Партизанский отряд отходил куда-то в темноту. Чедо поднялся, чтобы последовать за товарищами, и в этот миг почувствовал, что его будто обожгло под ухом. Он схватился рукой за скулу. Но щеке бежала кровь. И тут его ударило в грудь. Силы сразу покинули Чедо, и он тихо сел. Звать на помощь было бесполезно. Немцы находились уже рядом. «Надо остановить кровь», — подумал Чедо. Он вытащил из сумки тряпку, которая служила ему полотенцем, вытер ею лицо, потом сложил в несколько раз и, засунув ее под рубашку, прижал к ране.
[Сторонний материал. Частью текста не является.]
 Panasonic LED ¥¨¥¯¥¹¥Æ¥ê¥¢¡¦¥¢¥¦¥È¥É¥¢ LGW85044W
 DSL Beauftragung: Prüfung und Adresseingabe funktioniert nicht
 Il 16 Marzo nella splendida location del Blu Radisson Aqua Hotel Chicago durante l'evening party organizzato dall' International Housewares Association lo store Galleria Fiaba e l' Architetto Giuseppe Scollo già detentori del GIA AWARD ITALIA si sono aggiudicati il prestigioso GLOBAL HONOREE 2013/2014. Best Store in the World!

Делая это, он не чувствовал сильной боли.
Немцы спускались по тропинке ниже Чедо. Ясно был слышен стук камней, срывавшихся вниз. Звуки стрельбы раздавались теперь уже сзади. «Они прошли», — подумал юноша и затих...
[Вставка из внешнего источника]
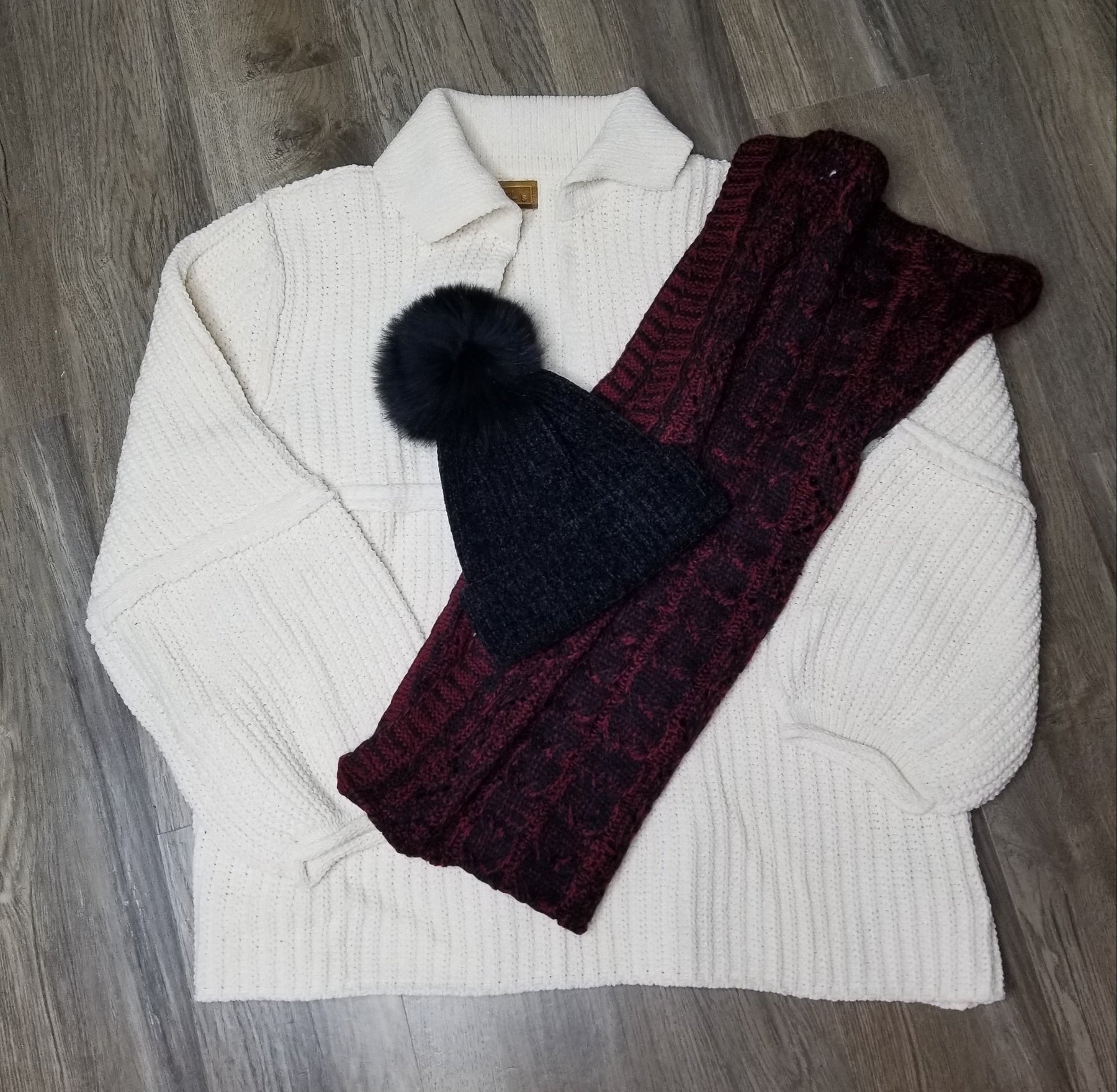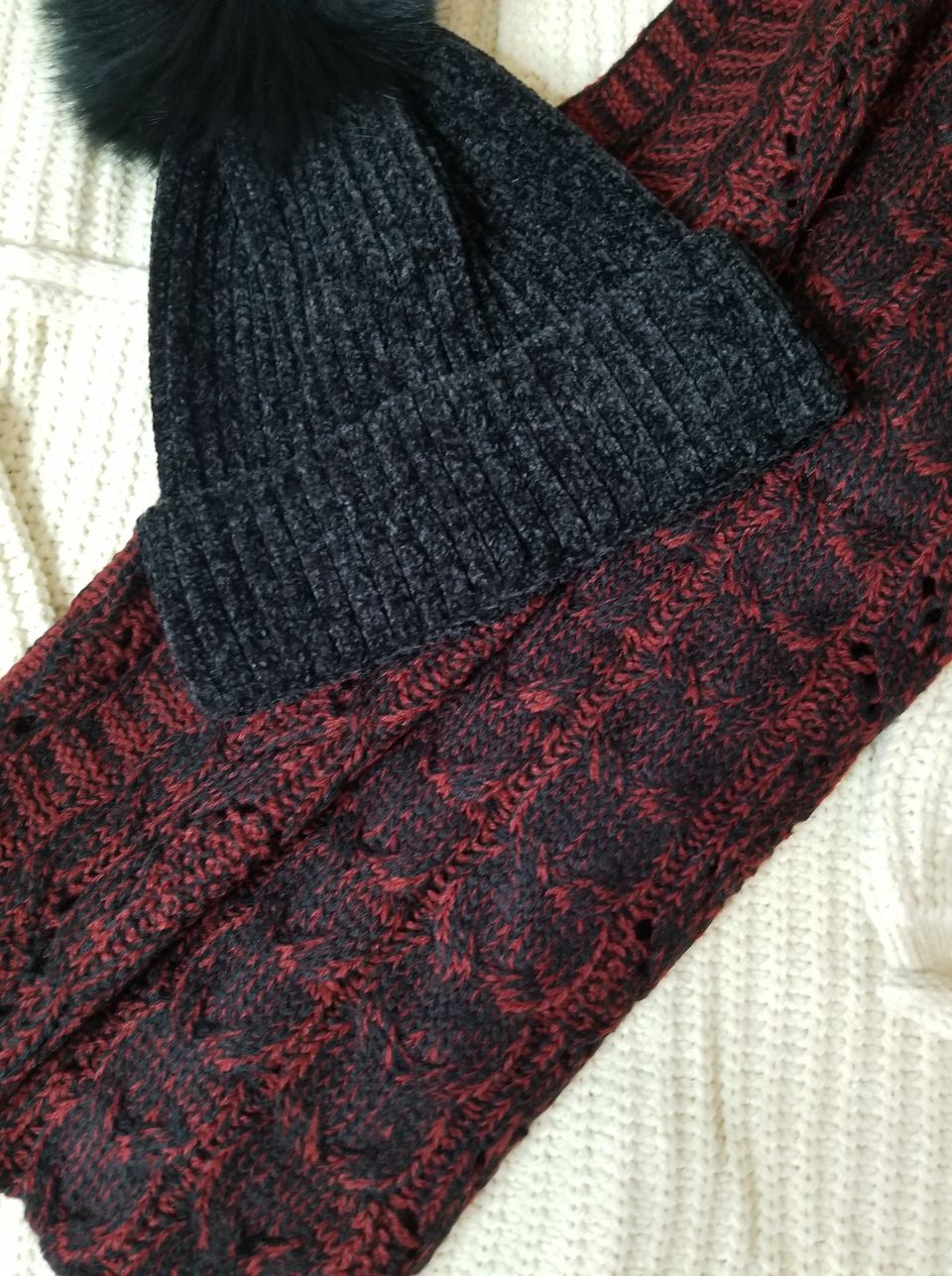 Chenille Pom Pom Beanie Hat

Когда Чедо очнулся, он снова увидел долину и лес, окружающий ее. Все так же одиноко стоял дом, вокруг него не было ни души. Очевидно, жильцы покинули его, когда в округе начались бои.
Он дотронулся до ран. Невыносимая боль пронзила все его тело. Перед глазами Чедо появилась мать, седая, со впалыми щеками. Она сидела на сундуке у печи в их доме и печально смотрела на него. Подошел кот и начал царапать сундук. Мать схватила веник, замахнулась на кота, и он шмыгнул в приоткрытую дверь. Веник выпал из рук матери. Она подняла голову и с мольбой в голосе сказала: «Останься, сынок, со мной. Мал ты для борьбы. Боюсь я, голод и холод тебя там одолеют. Твой отец уже ушел... Он взрослый, ему и таскать винтовку за плечом. Останься хоть ты...» Слезы не дали ей договорить. Чедо какое-то время постоял около нее, потом пошел закрыть дверь. Он не переносил слез. «Обещай, что не пойдешь», — остановила она его. «Ну хорошо, не пойду», — сказал он, чтобы ее успокоить. Но поздним вечером все же ушел, не попрощавшись...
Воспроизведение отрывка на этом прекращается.